Deployment Shape: Serverless vs. Long-Running

AgentCore runs on AWS Lambda for the pool model and ECS Fargate for the silo model. Lambda makes sense for pooled workloads with spiky traffic. You pay per invocation, and cold starts are acceptable for most agent use cases (conversational latency is already measured in seconds).

For silo deployments, Fargate gives you dedicated compute with predictable performance. Each tenant’s agent runs in its own container, isolated at the kernel level. You pay for reserved capacity, but you avoid noisy-neighbor issues.

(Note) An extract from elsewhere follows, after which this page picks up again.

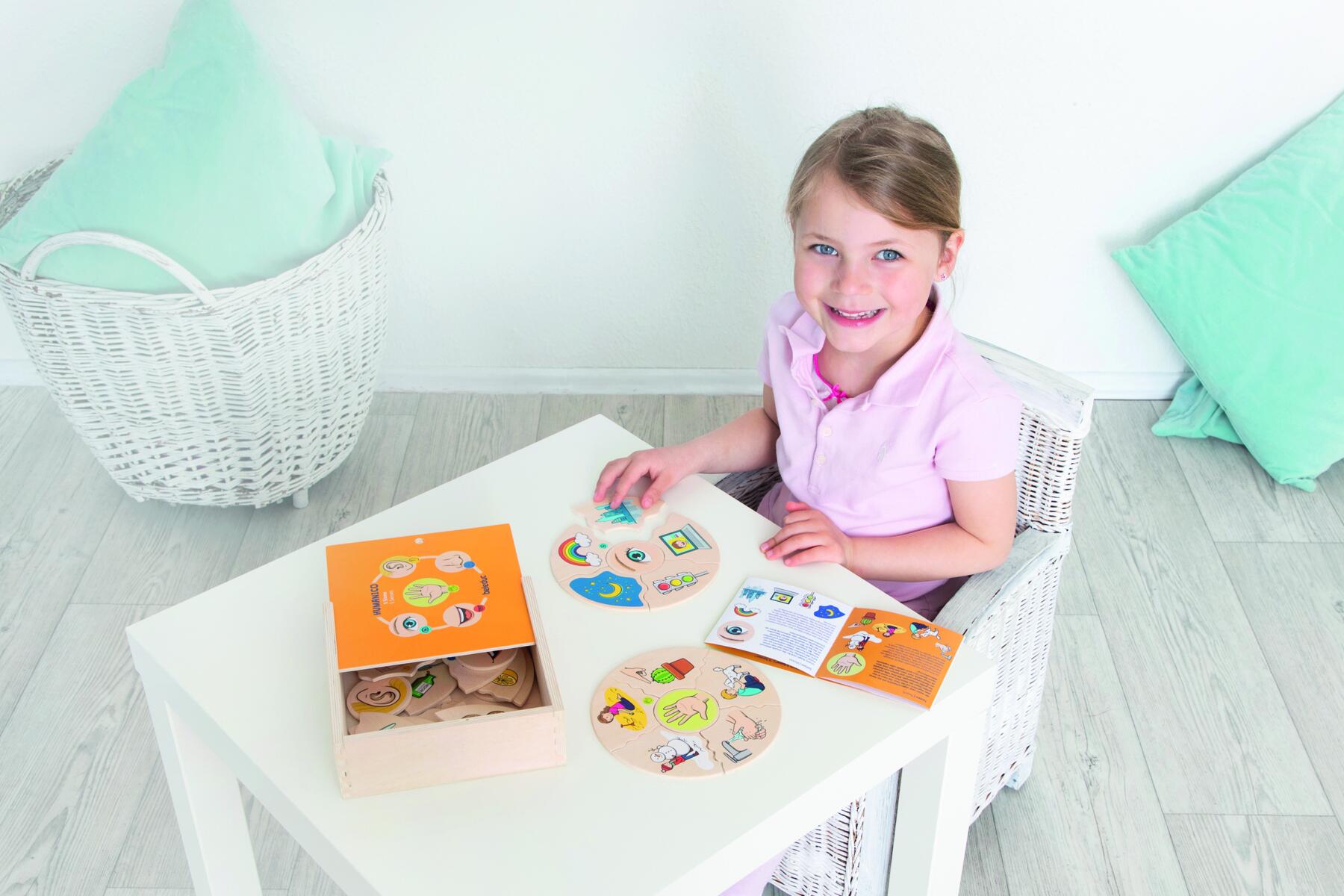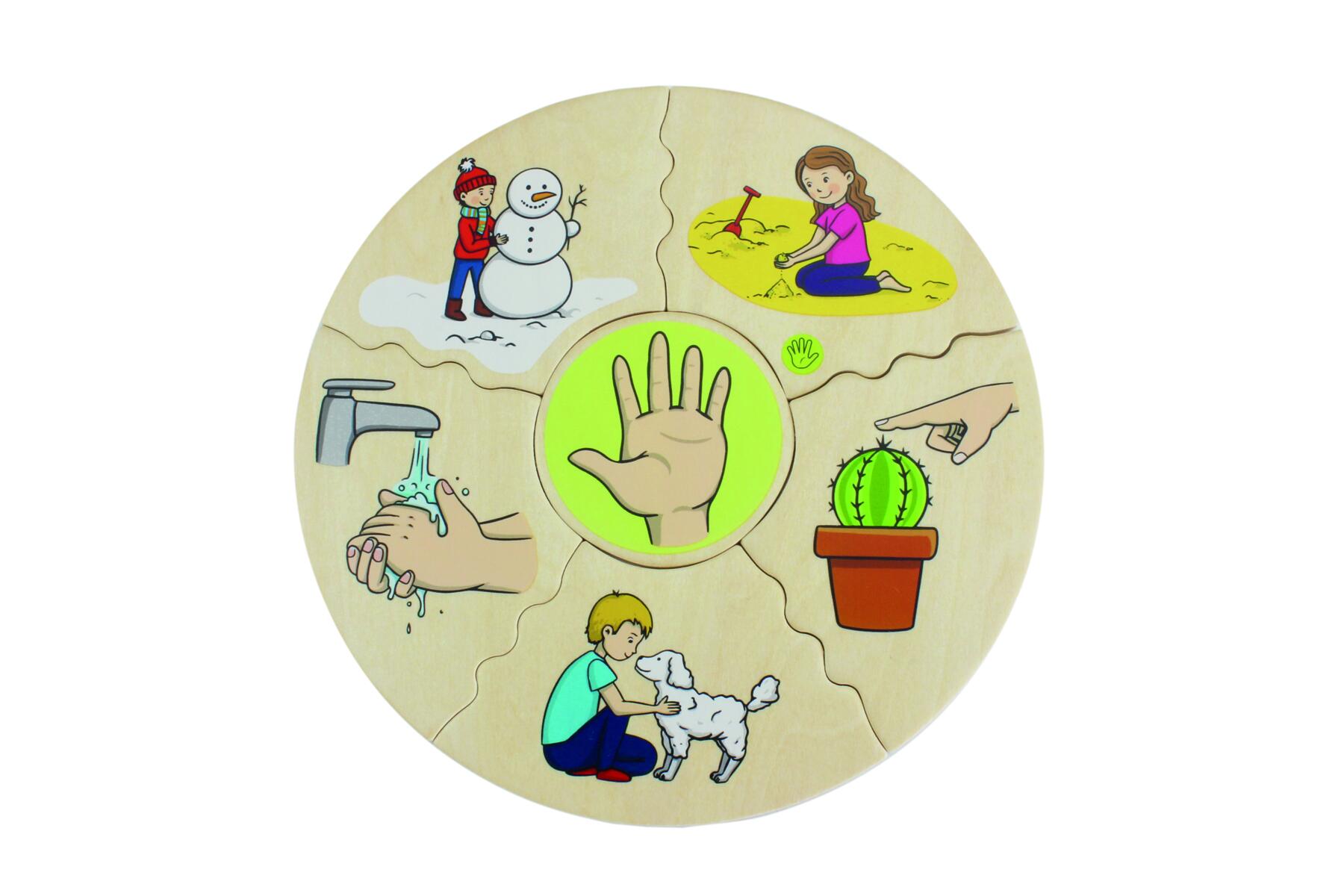 Kasta tärningen och matcha olika vardagssituationer med det sinne som visar sig på tärningen. Ger språkträning och förståelse av de olika sinnena. Innehåller 50 kort (9x9 cm) och en tärning (3,5 cm). PVC-fri. Från 3 år.

The trade-off: Lambda has a 15-minute execution limit. If your agent needs to run a long-running workflow (multi-hour data processing, batch API calls), you need Step Functions or Fargate.

Failure Modes and Mitigation

Cross-tenant data leakage: Forgetting to filter by tenant_id in a database query. Mitigation: enforce row-level security policies in DynamoDB, use separate tables per tenant for high-sensitivity data.

Credential leakage: Storing tenant API keys in environment variables instead of Secrets Manager. Mitigation: never pass secrets as environment variables, always fetch from Secrets Manager at runtime.

Quota exhaustion: One tenant’s agent runs an infinite tool loop and exhausts the shared model quota. Mitigation: per-tenant rate limits, per-invocation timeouts, maximum tool call depth.

Noisy neighbor: One tenant’s expensive agent invocations slow down the pool. Mitigation: autoscaling based on aggregate load, tenant-aware routing, flag high-usage tenants for migration to silo.

Prompt injection across tenants: Tenant A crafts a prompt that tricks the agent into revealing tenant B’s data. Mitigation: strict input validation, separate model instances per tenant (silo model), output filtering.

Technical Verdict

Use AgentCore’s multi-tenant patterns if you are building a SaaS product with agentic features and you need to support more than 10 customers on shared infrastructure. The Bridge model (premium tenants in silos, standard tenants in pools) is the right default for most products.

Avoid pooled architectures if your customers have strict compliance requirements (HIPAA, PCI-DSS) or if cross-tenant data leakage would be catastrophic. In those cases, go full silo or run separate AWS accounts per tenant.

Skip AgentCore entirely if you are building a single-tenant application or if you need custom orchestration logic that doesn’t fit the framework’s opinionated design. The overhead of learning AgentCore’s abstractions isn’t worth it for simple use cases.

The hard part is not the infrastructure. The hard part is disciplined tenant scoping in every query, every API call, and every tool implementation. One missing tenant_id filter is a data breach.